* DATASET EXCERPT
BEGIN
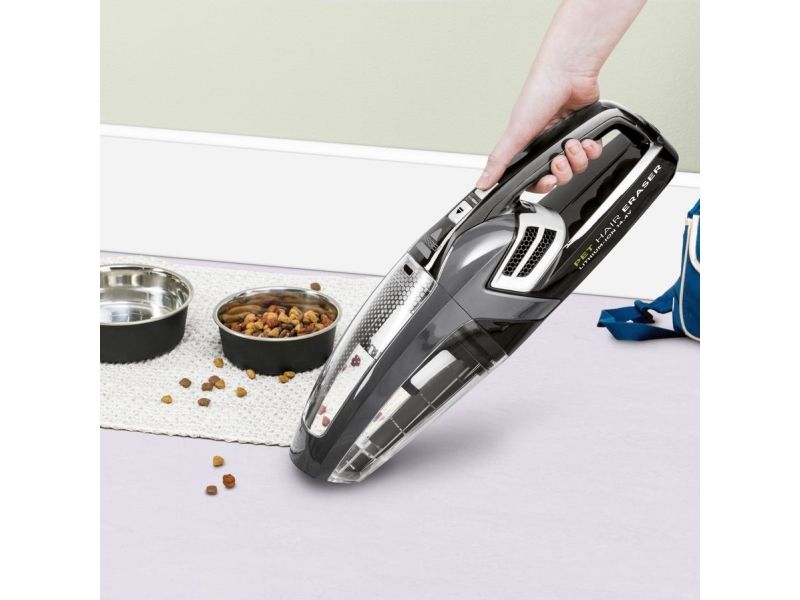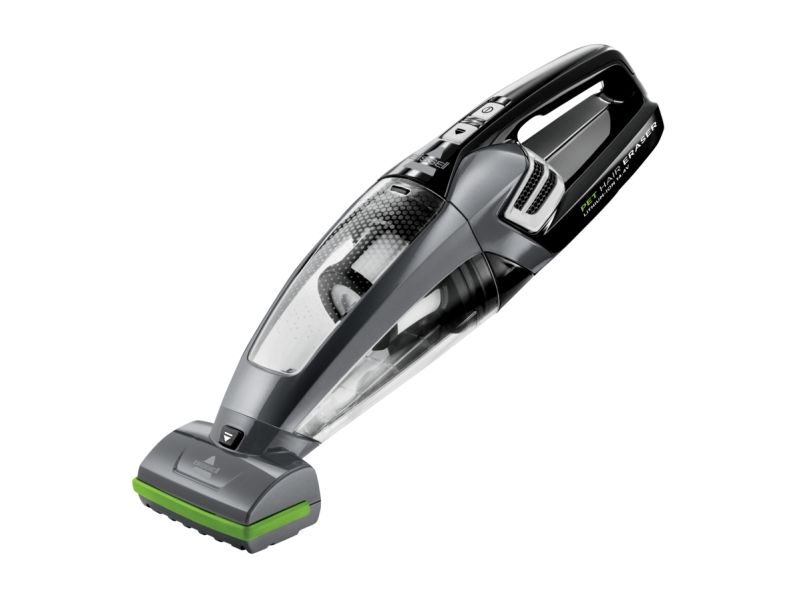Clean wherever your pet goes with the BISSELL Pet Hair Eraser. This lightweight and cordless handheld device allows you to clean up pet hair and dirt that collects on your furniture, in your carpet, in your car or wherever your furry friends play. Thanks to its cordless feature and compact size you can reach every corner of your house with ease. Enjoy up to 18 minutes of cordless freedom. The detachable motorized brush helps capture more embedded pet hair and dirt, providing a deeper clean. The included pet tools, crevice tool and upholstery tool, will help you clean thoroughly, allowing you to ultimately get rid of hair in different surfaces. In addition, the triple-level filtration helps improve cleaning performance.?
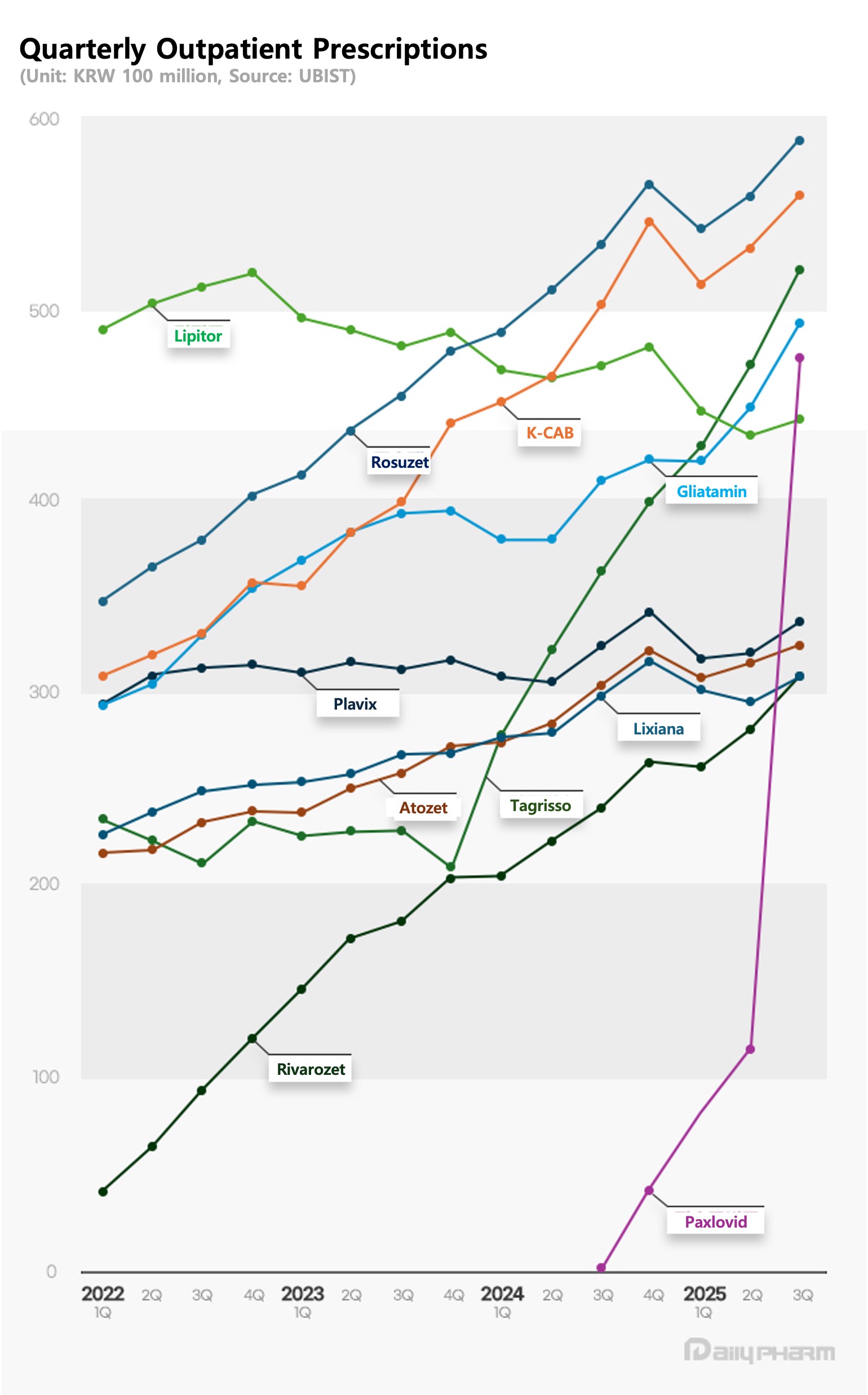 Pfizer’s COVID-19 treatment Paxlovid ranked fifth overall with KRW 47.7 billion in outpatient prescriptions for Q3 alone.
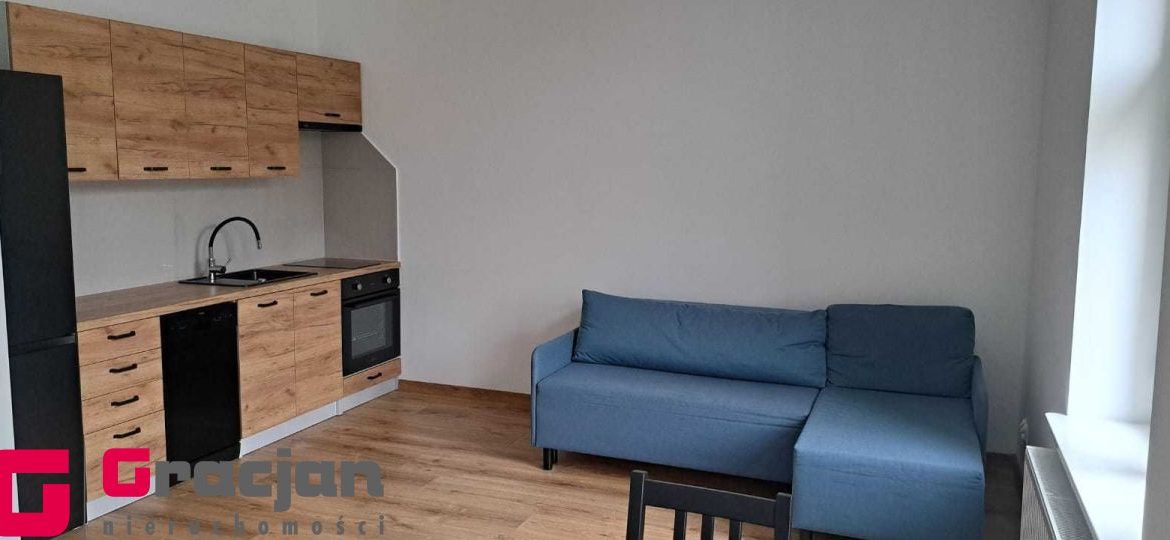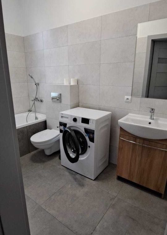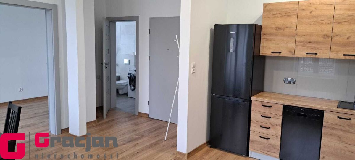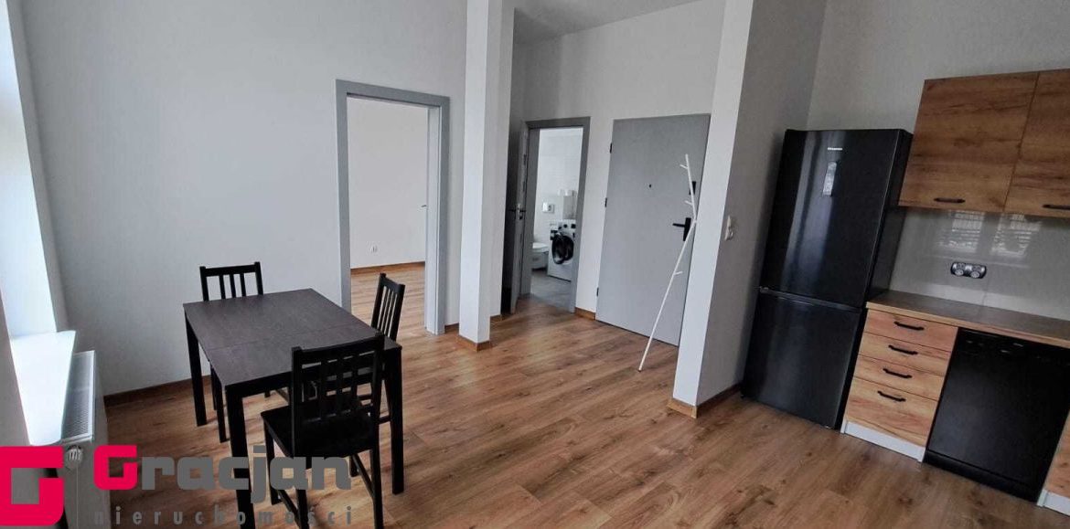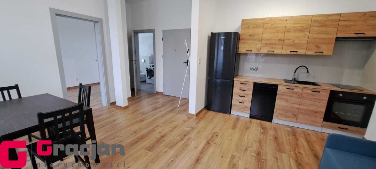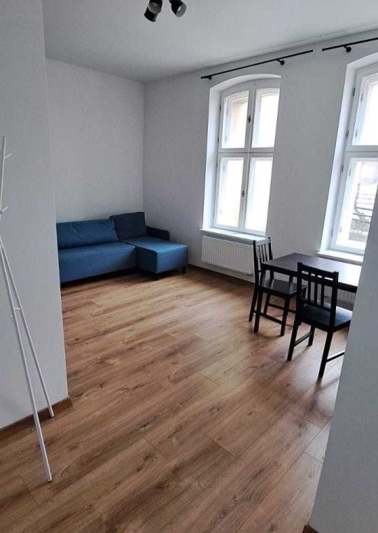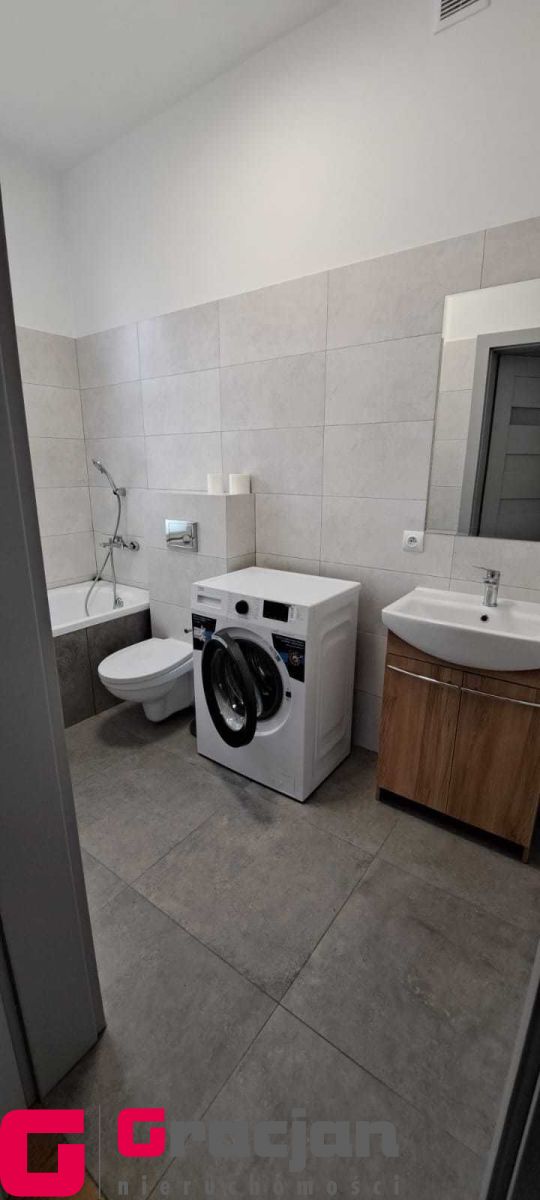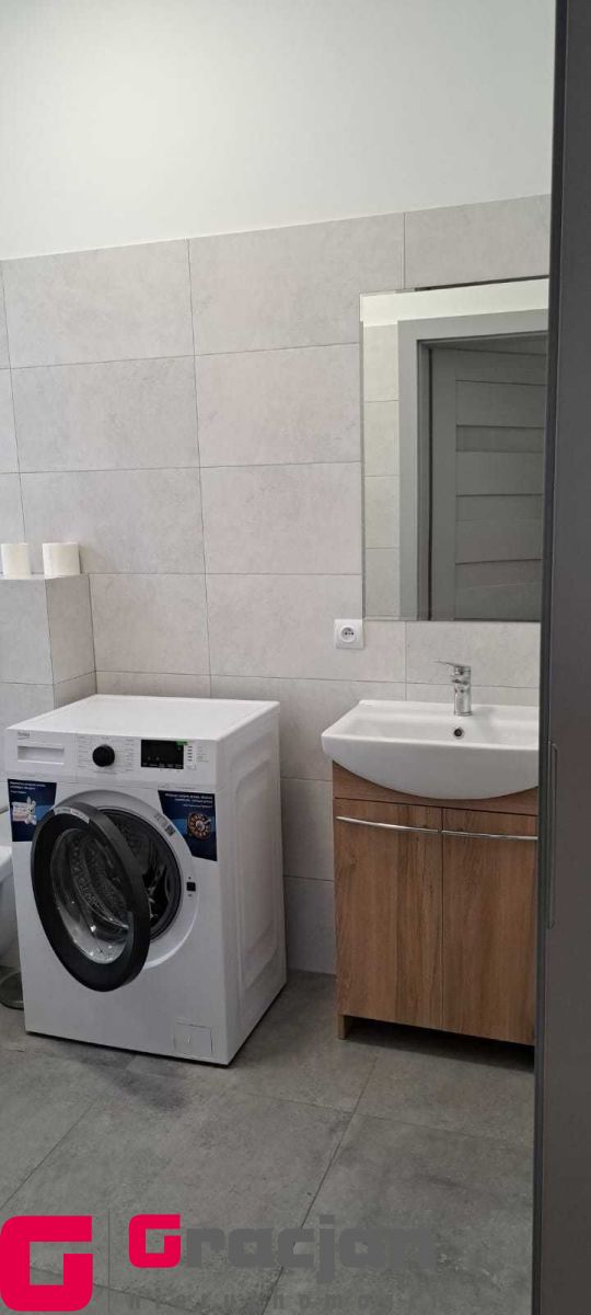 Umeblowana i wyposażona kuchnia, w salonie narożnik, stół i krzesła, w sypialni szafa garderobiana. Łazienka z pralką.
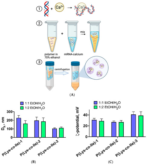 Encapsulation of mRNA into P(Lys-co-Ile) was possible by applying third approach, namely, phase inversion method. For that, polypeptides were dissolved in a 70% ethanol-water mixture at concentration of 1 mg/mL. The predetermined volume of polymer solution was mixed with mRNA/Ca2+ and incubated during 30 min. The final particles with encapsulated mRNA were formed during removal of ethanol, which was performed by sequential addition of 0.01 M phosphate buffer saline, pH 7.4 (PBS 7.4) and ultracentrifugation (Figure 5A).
END
* BRIEF
Give back the material exactly as written, images excluded.

* TASK RESULT
Clean wherever your pet goes with the BISSELL Pet Hair Eraser. This lightweight and cordless handheld device allows you to clean up pet hair and dirt that collects on your furniture, in your carpet, in your car or wherever your furry friends play. Thanks to its cordless feature and compact size you can reach every corner of your house with ease. Enjoy up to 18 minutes of cordless freedom. The detachable motorized brush helps capture more embedded pet hair and dirt, providing a deeper clean. The included pet tools, crevice tool and upholstery tool, will help you clean thoroughly, allowing you to ultimately get rid of hair in different surfaces. In addition, the triple-level filtration helps improve cleaning performance.?
 Pfizer’s COVID-19 treatment Paxlovid ranked fifth overall with KRW 47.7 billion in outpatient prescriptions for Q3 alone.
 Umeblowana i wyposażona kuchnia, w salonie narożnik, stół i krzesła, w sypialni szafa garderobiana. Łazienka z pralką.
 Encapsulation of mRNA into P(Lys-co-Ile) was possible by applying third approach, namely, phase inversion method. For that, polypeptides were dissolved in a 70% ethanol-water mixture at concentration of 1 mg/mL. The predetermined volume of polymer solution was mixed with mRNA/Ca2+ and incubated during 30 min. The final particles with encapsulated mRNA were formed during removal of ethanol, which was performed by sequential addition of 0.01 M phosphate buffer saline, pH 7.4 (PBS 7.4) and ultracentrifugation (Figure 5A).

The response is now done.